Friday 9 September 2016

Before And After The Event

SM Stirling, Against The Tide Of Years (New York, 1999).

Words change their meanings with context. "After the Event" means since Nantucket arrived in the prehistoric past, which thus became the Nantucketers' present, whereas "Before the Event" refers to their memories of a twentieth century that does not exist in their current timeline.

By 8 A.E., some Nantucketers have had children who are now a few years old and thus are beginning to learn about the world although their entire lives to date have been "After the Event." Some Nantucketers are a few years older but nevertheless too young to have many memories from "Before the Event."

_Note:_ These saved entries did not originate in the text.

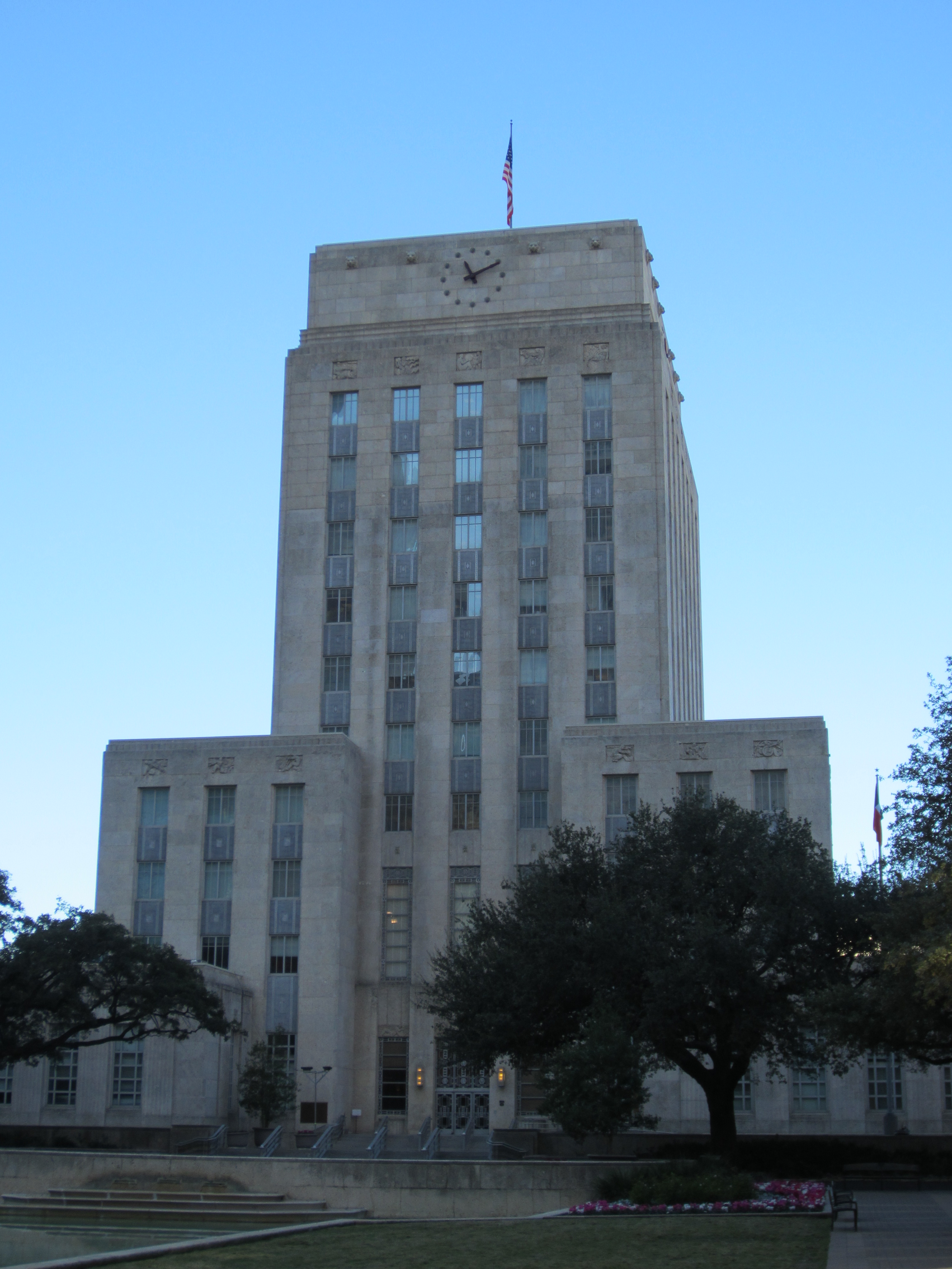 Houston City Hall in January 2012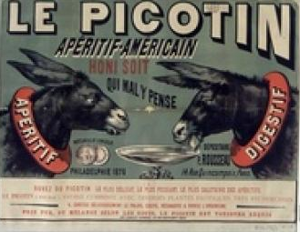 Poster by Benjamin Rabier "Le Picotin". Before 1939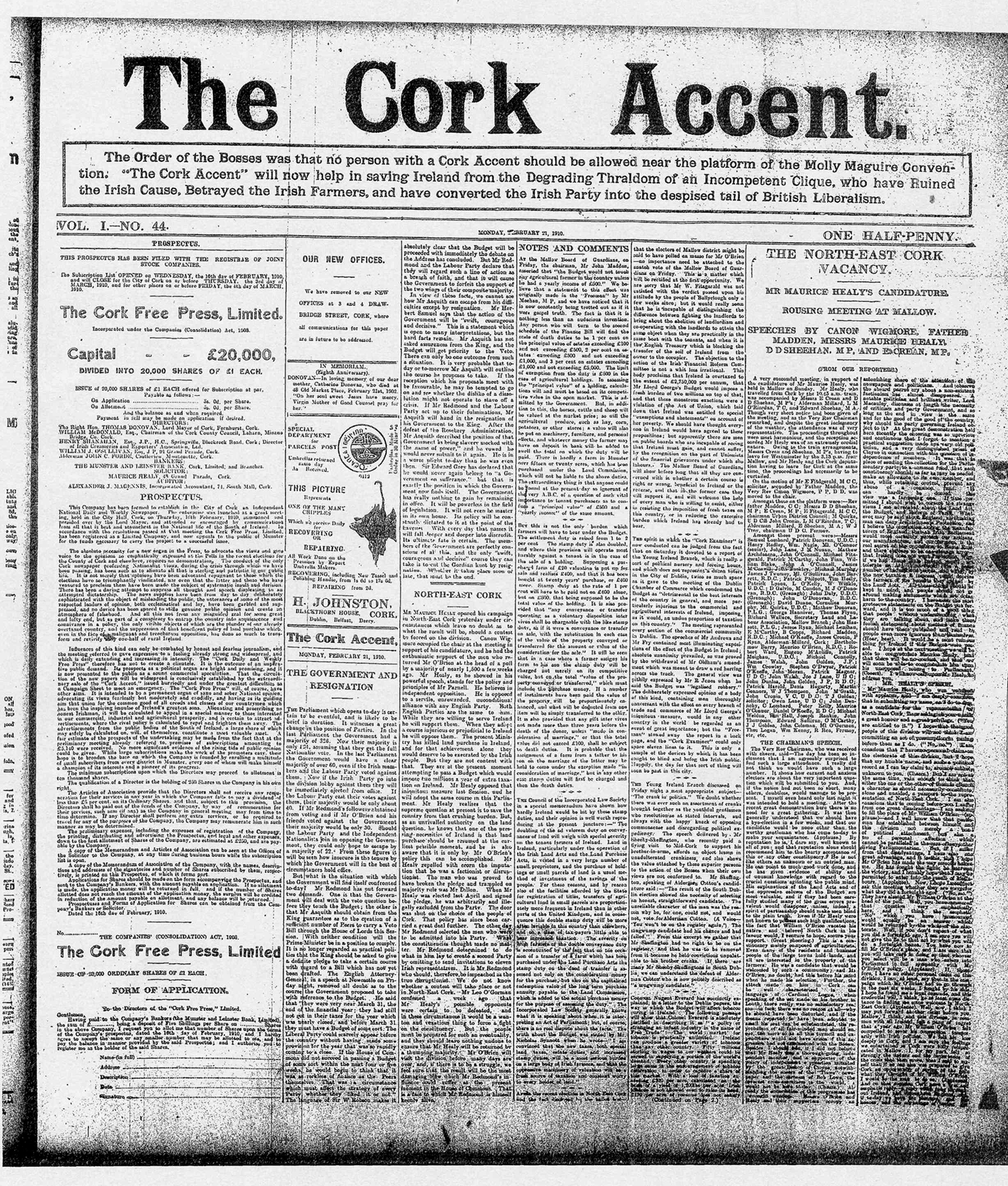 Image is an example of the front page of The Cork Accent, a defunkt Irish weekly newspaper published by William O’Brien MP between the 1 January 1910 and the 10 June 1910, the second of three newspapers he published in the years 1899 to 1916.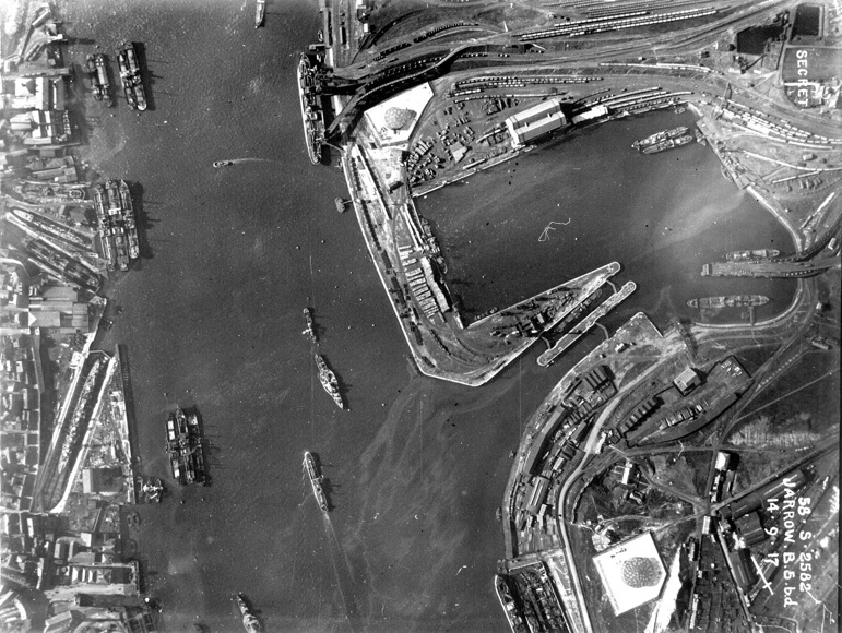 Albert Edward Dock, North Shields 14th September 1917 This image is taken from a glass plate in the Gladstone Adams collection. Adams was a noted commercial photographer and served in the Royal Flying Corps during the First World War. Reference: TWAS: DT.GA.4.1-4 (Copyright) We're happy for you to share this digital image within the spirit of The Commons. Please cite 'Tyne & Wear Archives & Museums' when reusing. Certain restrictions on high quality reproductions and commercial use of the original physical version apply though; if you're unsure please . To purchase a hi-res copy please quoting the title and reference number.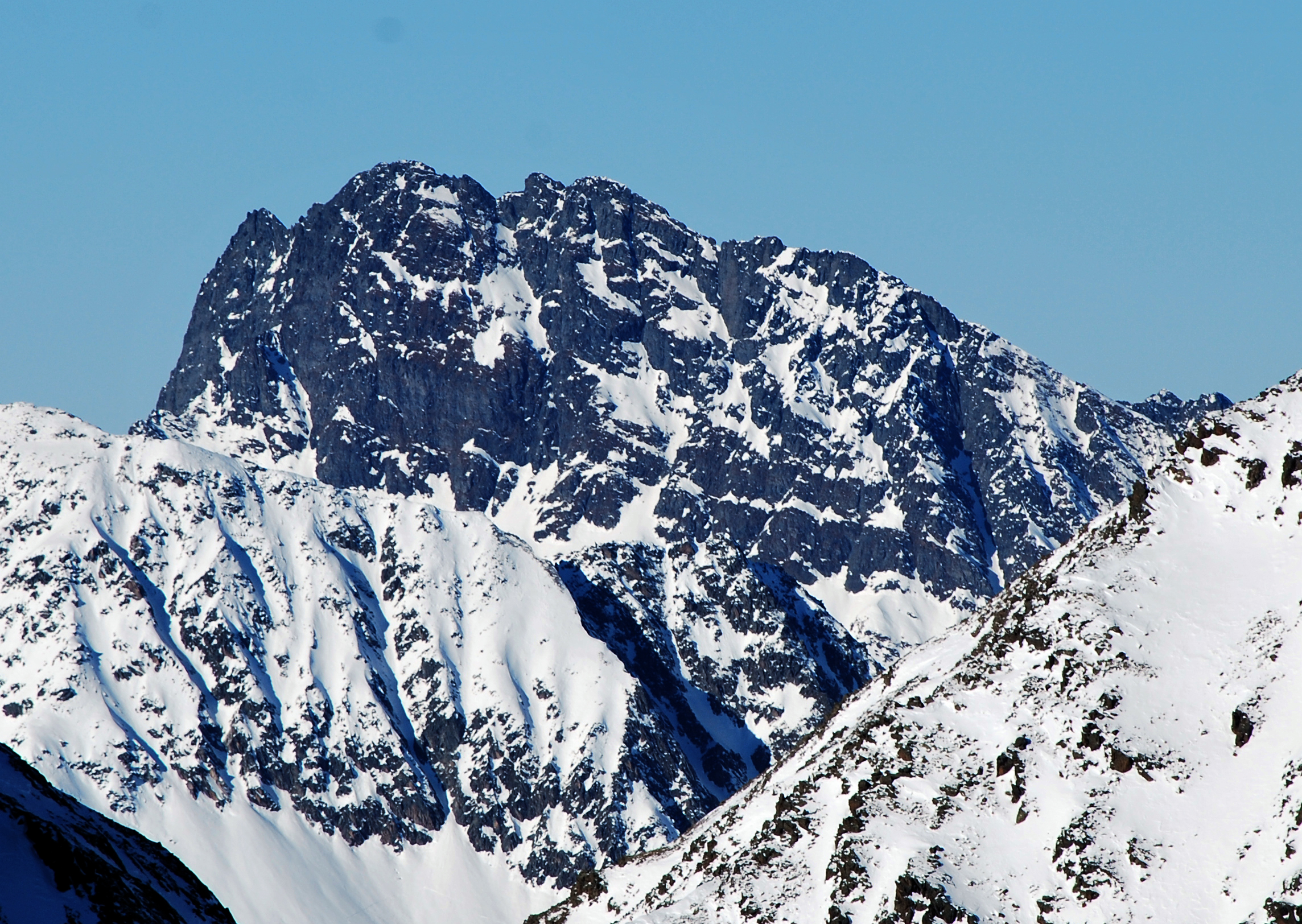 Hohe Villerspitze (3092m) from South (Schafkampspitze)

Poul Anderson's Time Patrollers have past bases that exist for a very long time - the Academy for half a million years - but they do not start communities to exist for many generations in the past whereas the Nantucketers have no choice in the matter.

3 comments:

Sean M. Brooks said...

Kaor, Paul!

I would not have said the Nantucketers found themselves stranded in the "pre-historic" past. The ancient civilizations of Egypt and Mesopotamia had been literate for at least 2000 years, after all. And even Achaean Greece had been literate for a long time, despite the clumsy script they then used. And, of course there was the literate culture of Shang Dynasty China, among several others!

Sean

Paul Shackley said...

Sean,
Not prehistoric? Maybe a mixture? North America was prehistoric and Agamemnon is not a historical figure.
Paul.

Sean M. Brooks said...

Kaor, Paul

I should have said that PARTS of the world Nantucket found itself in was still "pre-historic." Including the Americas, because I don't think the Olmecs had yet developed any kind of writing.

There MIGHT have been a real king of Mycenae called "Agamemnon." I do agree he was probably did not strongly resemble the Homeric Agamemnon.

But, King Shagarakti-Shuriash and his Kastiliash IV of Babylon were real, actual, historical figures. And so was their enemy Tukulti-Ninurta of Assyria and contemporaries such as Ramesses II of Egypt.